= Mass media in Glasgow, Kentucky =

Glasgow, Kentucky is technically considered to be part of the Bowling Green, Kentucky DMA, which is ranked as the 182nd largest media market in the United States.

==Print==
- Barren County Progress - weekly newspaper

Glasgow is also served by the Bowling Green Daily News, which was originally based in nearby Glasgow Junction (now Park City) during that publication's early days of operation. That newspaper is published Monday through Saturday.

===Defunct newspapers===
- Glasgow Daily Times - published Monday through Saturday (1865–2020)

==Television==

Glasgow is served by all television stations in the Bowling Green area. Glasgow was also previously served by select television stations from Louisville and Nashville, Tennessee on local cable systems.

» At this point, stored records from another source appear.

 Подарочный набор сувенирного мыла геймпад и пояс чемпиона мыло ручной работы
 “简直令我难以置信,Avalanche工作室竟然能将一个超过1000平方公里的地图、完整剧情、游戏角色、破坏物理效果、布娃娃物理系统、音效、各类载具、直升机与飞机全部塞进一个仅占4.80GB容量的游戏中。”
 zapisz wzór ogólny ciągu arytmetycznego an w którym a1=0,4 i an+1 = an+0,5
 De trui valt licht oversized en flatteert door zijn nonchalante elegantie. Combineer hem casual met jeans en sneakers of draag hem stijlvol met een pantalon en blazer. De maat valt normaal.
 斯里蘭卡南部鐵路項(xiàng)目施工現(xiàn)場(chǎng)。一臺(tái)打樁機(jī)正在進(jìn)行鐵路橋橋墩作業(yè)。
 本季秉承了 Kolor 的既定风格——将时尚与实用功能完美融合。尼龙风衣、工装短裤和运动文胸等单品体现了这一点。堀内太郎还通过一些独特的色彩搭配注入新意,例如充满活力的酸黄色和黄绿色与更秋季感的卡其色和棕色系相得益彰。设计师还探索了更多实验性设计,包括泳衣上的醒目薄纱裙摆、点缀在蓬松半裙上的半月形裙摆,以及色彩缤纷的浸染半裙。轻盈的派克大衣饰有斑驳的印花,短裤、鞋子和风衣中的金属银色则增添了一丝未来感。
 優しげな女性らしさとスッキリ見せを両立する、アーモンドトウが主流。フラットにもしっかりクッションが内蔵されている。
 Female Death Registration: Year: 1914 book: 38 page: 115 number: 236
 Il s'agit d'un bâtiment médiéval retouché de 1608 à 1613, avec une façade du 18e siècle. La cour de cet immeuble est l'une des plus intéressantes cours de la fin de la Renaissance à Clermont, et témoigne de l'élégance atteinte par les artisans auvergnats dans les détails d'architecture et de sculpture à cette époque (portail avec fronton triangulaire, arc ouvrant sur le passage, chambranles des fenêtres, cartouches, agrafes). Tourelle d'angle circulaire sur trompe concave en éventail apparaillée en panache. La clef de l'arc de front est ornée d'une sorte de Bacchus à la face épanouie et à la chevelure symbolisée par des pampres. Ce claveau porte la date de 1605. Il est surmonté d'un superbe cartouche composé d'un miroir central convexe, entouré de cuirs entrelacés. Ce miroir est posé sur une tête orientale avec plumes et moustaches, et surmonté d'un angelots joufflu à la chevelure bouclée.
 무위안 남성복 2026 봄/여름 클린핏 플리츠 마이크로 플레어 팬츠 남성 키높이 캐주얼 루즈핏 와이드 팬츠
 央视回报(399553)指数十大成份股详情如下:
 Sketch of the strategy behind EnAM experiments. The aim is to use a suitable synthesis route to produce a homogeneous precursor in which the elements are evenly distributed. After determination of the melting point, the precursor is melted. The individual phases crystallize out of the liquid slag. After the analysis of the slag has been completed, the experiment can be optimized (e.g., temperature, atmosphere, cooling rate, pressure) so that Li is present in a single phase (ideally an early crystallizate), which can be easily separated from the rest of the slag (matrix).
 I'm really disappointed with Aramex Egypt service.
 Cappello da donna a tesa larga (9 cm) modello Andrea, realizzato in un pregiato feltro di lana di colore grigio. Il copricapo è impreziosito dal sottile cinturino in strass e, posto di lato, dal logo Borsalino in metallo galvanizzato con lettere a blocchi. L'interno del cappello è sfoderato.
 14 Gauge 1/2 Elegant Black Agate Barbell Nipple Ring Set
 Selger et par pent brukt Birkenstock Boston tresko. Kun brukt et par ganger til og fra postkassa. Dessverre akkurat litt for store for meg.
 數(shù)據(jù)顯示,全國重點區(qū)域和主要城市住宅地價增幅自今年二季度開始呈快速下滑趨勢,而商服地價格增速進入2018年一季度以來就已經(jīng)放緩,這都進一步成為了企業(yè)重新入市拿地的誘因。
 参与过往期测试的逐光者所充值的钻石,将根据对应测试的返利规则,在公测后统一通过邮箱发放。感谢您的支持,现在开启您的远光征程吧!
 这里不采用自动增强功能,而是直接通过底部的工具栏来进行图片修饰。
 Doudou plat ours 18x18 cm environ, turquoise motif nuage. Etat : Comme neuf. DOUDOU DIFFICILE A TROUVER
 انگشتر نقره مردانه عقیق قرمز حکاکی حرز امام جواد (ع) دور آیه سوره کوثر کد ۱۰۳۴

The city of Glasgow proper is served by the Glasgow Electric Plant Board, while areas surrounding the city is served by the South Central Rural Telephone Cooperative. Both cable companies provide local public-access television channels serving the immediate area. Some other areas of the Glasgow micropolitan area, including parts of Barren and Metcalfe Counties, plus Cumberland County, are served by Mediacom.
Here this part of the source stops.